Perhaps the overarching table should be a query or view rather than an entity?
Could you please have a look at the screenshots and let me know your opinion. Thanks.
For various reasons, I’d prefer to use surrogate keys rather than natural keys if possible. Ideally, I’d prefer to have that surrogate key in a single column.
Currently, the bike (or lamp) table uses just the first column as its primary key. Should I expand this to a composite key including the Equipment_Category_ID column too? Then make the Equipment_Article table into a view joining on these two columns (iteratively for each equipment category). Optionally Bike_ID and Lamp_ID columns could be renamed to something generic like Equipment_Article_ID. This might make the query simpler, but is there a risk of losing specificity? It would / could still be qualified by the table name.
Speaking of redundancy, the Equipment_Category_ID in the current lamp or bike tables seems a bit redundant (if every item / row in that table has the same value in that column).
It all still sounds messy! But surely this must be very common problem for eg online electronics stores, rental shops, etc. Hopefully someone will say oh that old chestnut! Fingers crossed! Sorry for not being concise, but I couldn't work out what bits to leave out. Most of it seems relevant, if a bit chatty. Thanks in advance.

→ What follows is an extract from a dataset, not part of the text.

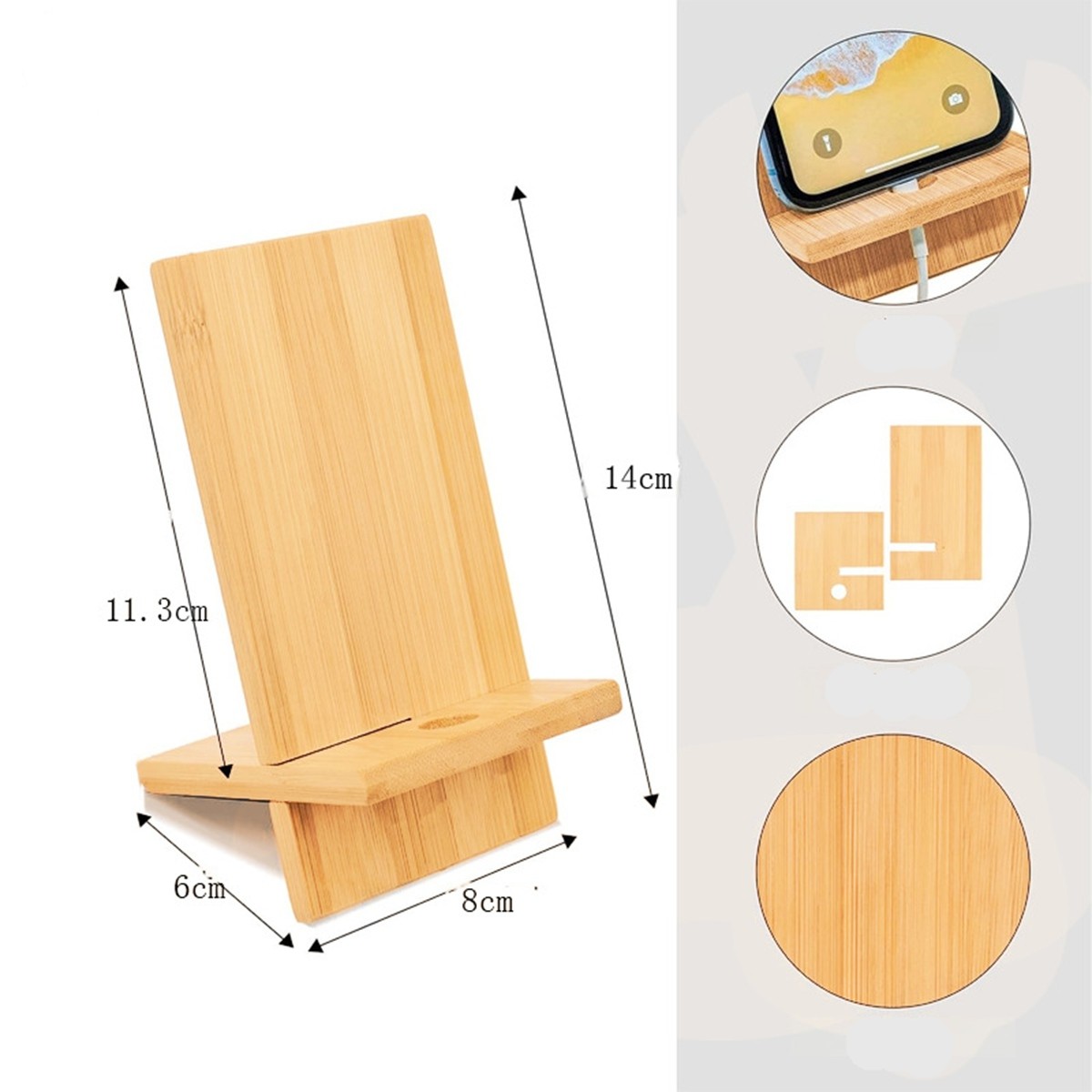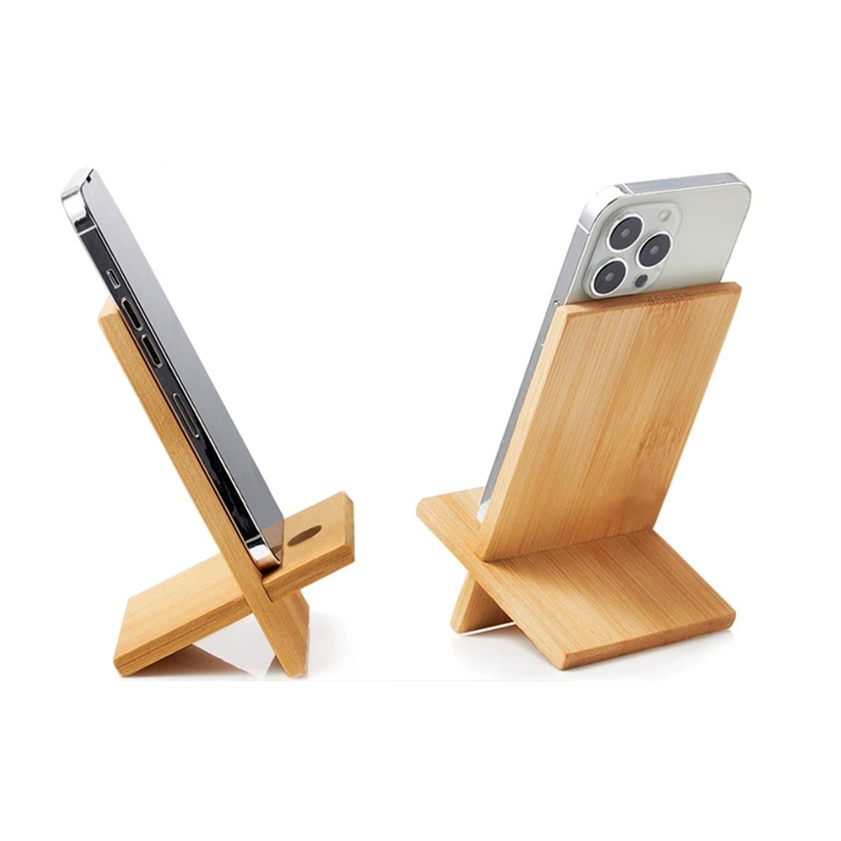 Description: Our Premium Bamboo Phone Stand meticulously carved from sustainable bamboo, this stand features precise dimensions of 5.51"x3.15" to support your phone at the ideal viewing angle. The smoothly polished surface ensures your device rests without risk of scratches, while the smart cable management slots maintain an organized desk space. Its collapsible structure makes it a breeze to store or take on the go, enhancing its utility. Add a touch of sophistication to your workspace.
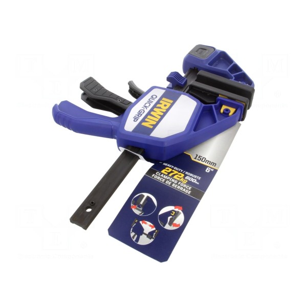 Ścisk stolarski typu Quick-Grip przeznaczony jest do unieruchamiania elementów obrabianych w pracach warsztatowych i montażowych. Narzędzie obsługuje zakres chwytania o maksymalnej długości 150mm.

UPDATE 27/03/2014 (Reply to #ElliotSchmelliot)
Hi Elliot.
Thanks for you reply and for pointing me in the right direction. I studied OOP (in Java) but wasn't aware that something similar was possible in SQL. I read the link you sent with interest, and the rest of the site/book looks like a great resource.
Does MySQL InnoDB Support Specialization & Generalization?
Unfortunately, after 3 hours searching and reading, I still can't find the answer to this question. Keywords I'm searching with include: MySQL + (inheritance | EER | specialization | generalization | parent | child | class | subclass). The only positive result I found is here: http://en.wikipedia.org/wiki/Enhanced_entity%E2%80%93relationship_model. It mentions MySQL Workbench.
Possible Redundancy of Equipment_Category (Table 3)
Yes and No. Because this is a lookup table, it currently has a function. However because every item in the Lamp or the Bike table is of the same category, the column itself may be redundant; and if it is then the Equipment_Category table may be redundant... unless it is required elsewhere. I had intended to use it as the RowSource / OptionList for a webform dropdown. Would it not also be handy to have Equipment_Category as a column in the proposed Equipment parent table. Without it, how would one return a list of all Equipment_Names for the Lamp category (ignoring distinct for the moment).
Implementation
I have no way of knowing what new categories of equipment may need to be added in future, so I’ll have to limit attributes included in the superclass / parent to those I am 100% sure would be common to all (or allow nulls I suppose); sacrificing duplication in many child tables for increased flexibility and hopefully simpler maintenance in the long run. This is particulary important as we will not have professional IT support for this project.
Changes really do have to be automated. So I like the idea of the stored procedure. And the CreateBike example sounds familiar (in principle if not in syntax) to creating an instance of a class in Java.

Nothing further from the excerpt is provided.